Well, for many of us, in spite of all, God is still there. There still is hope and wonder. There still is that newborn child, that sky filled with stars, music, love, things we experience far more than we can understand. There still is that string of lights leading us off into the unknown in hope. Into the things we most value and cherish.

But the stories we’ve told about God have changed. We can’t do with virgin births, miracles outside the natural order of things, third day resurrections or reincarnations or the Red Sea partings. We can’t do with a god that favors one group of people over another or sends catastrophes that disfavor others. Those gods are too small and unreliable.

No one has a clue what God is. To understand God we rely like the poet on clues and metaphors. And yet, God must at least must be reality as we understand it. Wherein we do not know, therein we may not speak, except in symbolic language.

But what we can do is to understand that all human language, even scientific language, is poetry and metaphor at best. There is a necessity at the heart of all knowledge, a need to know, whether the knowledge is formulated around a primitive campfire or in a laboratory. So we use what tools we have available to us. We use models and metaphors to explain what we experience. The difference is that in the modern world we understand that all models are subject to testing, to revision, to new understanding. Often we only have a story but our stories must evolve as our experience evolves.

“Can’t you see I’m doing a new thing?”

Physics may have eleven different string theories, (stories) but experience is reliable. An experience that is verified by the experiences of others. A hundred years ago, physicists gave up trying to understand “what” subatomic particles were and instead began to focus how they worked. Experimental physics took over the field from descriptive physics. This was huge! Philosophers and theologians had spent 2000 years or more focused exclusively on What something was. What are the elements? What is an atom? What is energy?

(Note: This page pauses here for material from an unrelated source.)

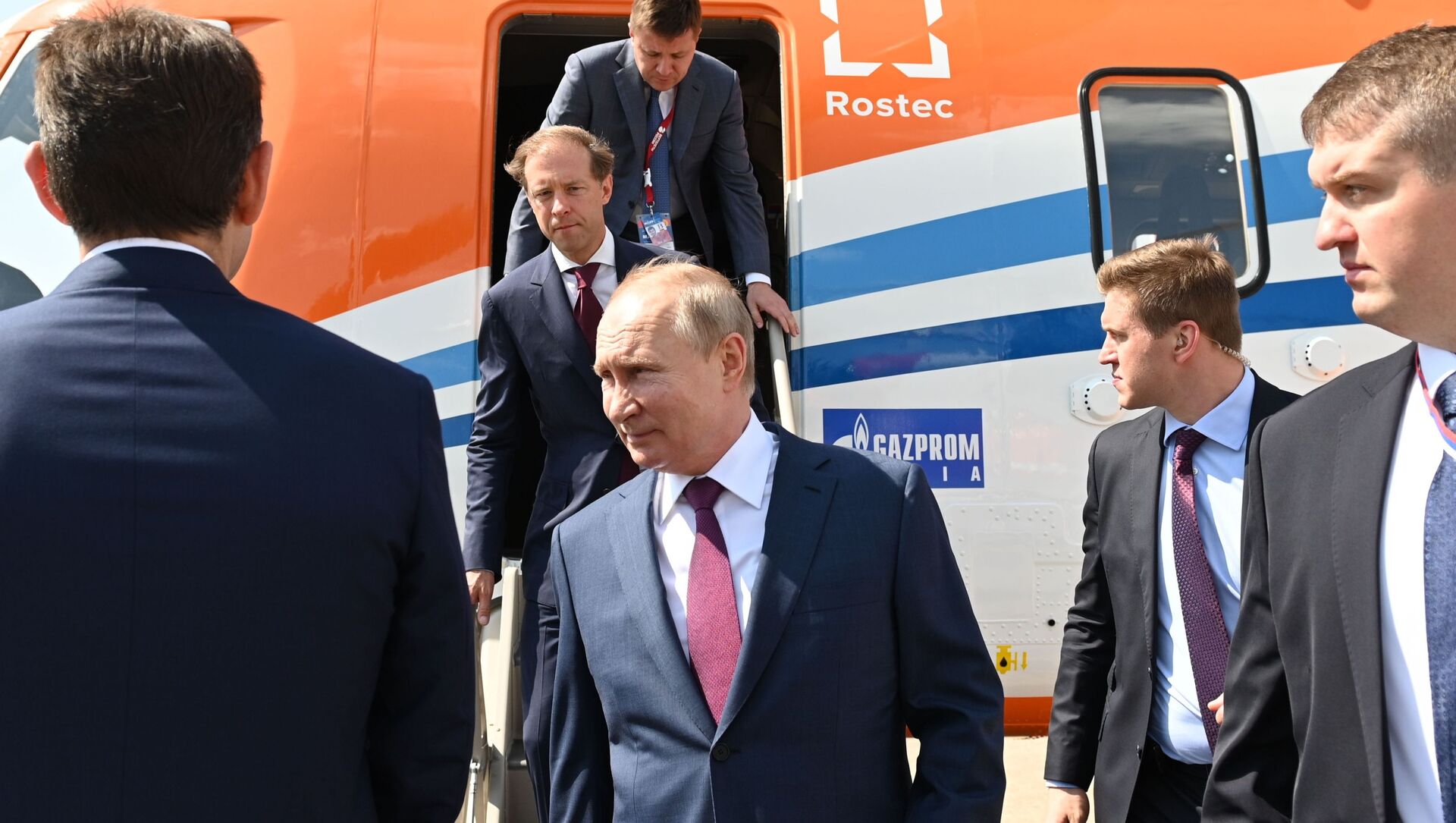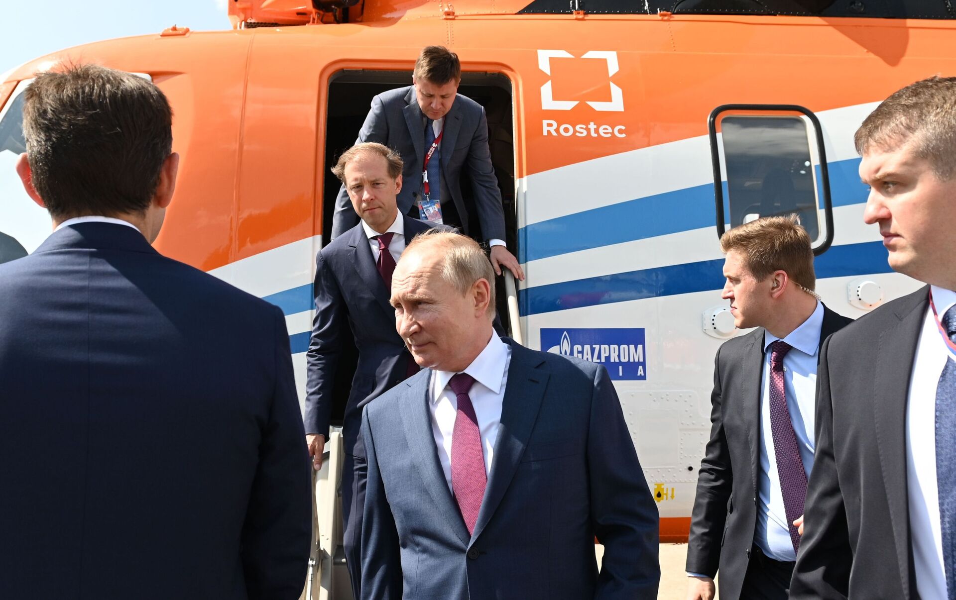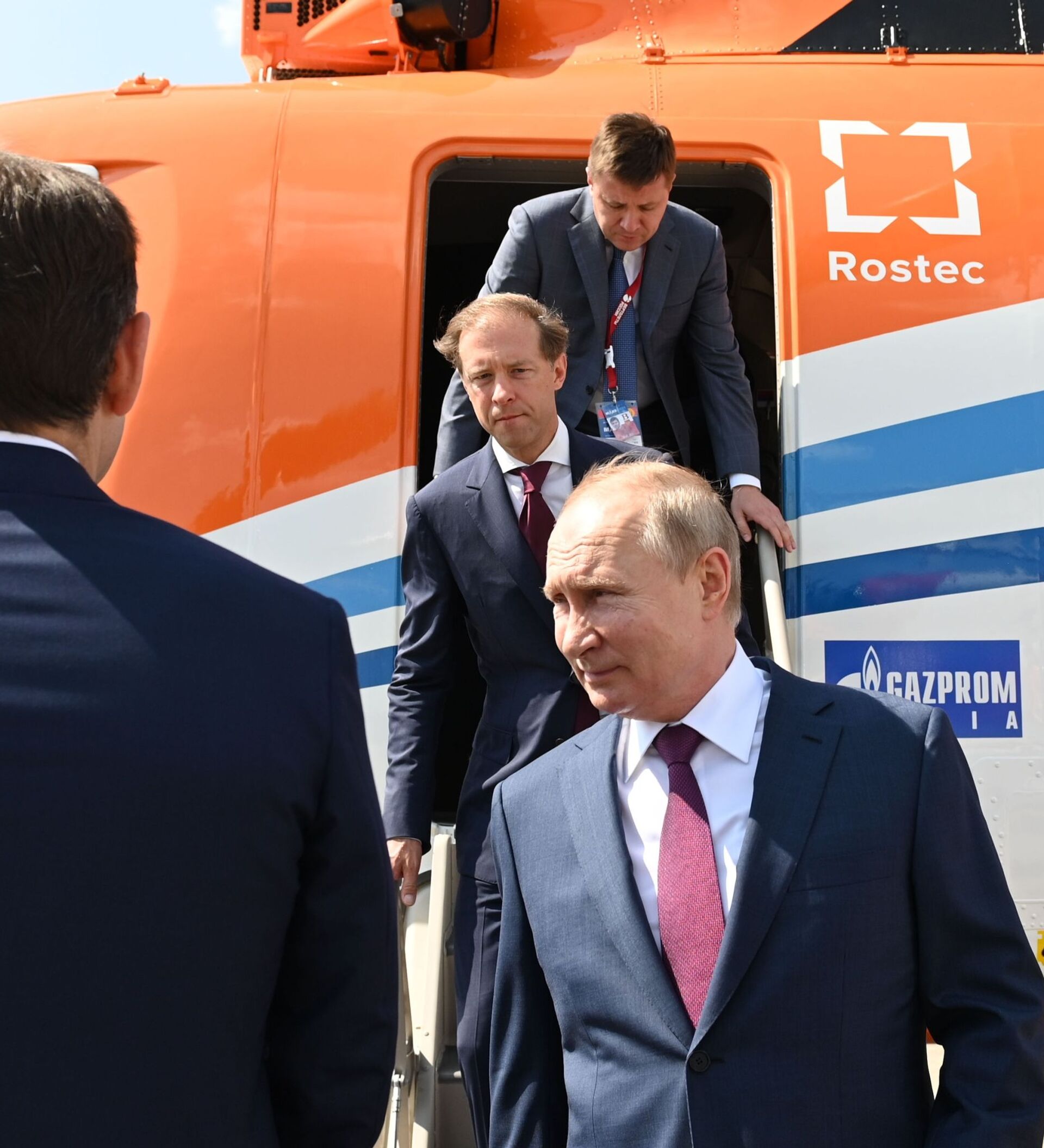 الرئيس الروسي، فلاديمير بوتين، والمدير التنفيذي لشركة "روستيخ" الروسية، سيرغي تشيميزوف، يشاركان في مراسم افتتاح معرض الطيران والفضاء الدولي "ماكس 2021" في مطار جوكوفسكي، ضواحي موسكو، روسيا 20 يوليو 2021

What is God? What is the nature of Jesus, divine or human?

Holding that newborn, gazing at that starry sky, having our first love, we don’t have to ask “What is it?” We say, “Behold!”

We know what we value.

What we can “know” about God comes from deep within ourselves and only through what we ourselves experience, not from anyone else’s experience or observation. Like the new quantum mechanic physics, it comes from the “observer-participancy” kind of knowing. It’s as close as our skin. It’s evolved with us. It’s a string of lights that illuminates a pathway of hope. And it consists of at least three things.

It begins with that newborn, who has evolved to reach in hope for the breast and to smile in love at recognition of her parent’s face. And in the wonder and excitement of that child exploring his world with his first step and with each new discovery. It bursts into song running through the park and laughs at the antics of a puppy.

Second, the “knowing” continues in the experience of community. In love, forgiveness, compassion, generosity, hospitality, helping others, being cared for by and in caring for others. In learning how to trust.

Third, through our experience with a natural world that never ceases to amaze us. A miraculous world increasingly revealed to us by science and discovery in and through human community. “A world that reveals no beginning and no end.” Where each new area of knowledge opens up vast territories for the wonder of new discoveries.

The real world of human experience is where we find God. With all we know and all we have yet to discover beyond our wildest dreams. God is love. God is what we value. God is a string of lights luring us on to what we value. We might say, God is the lure to value present in every living thing.

If there is a God, then God is the the name we give to the ground of being of all that is and the future and the harmonious reconciliation and consolation of everything we value. God is the highest thing we can possibly think. And much much more.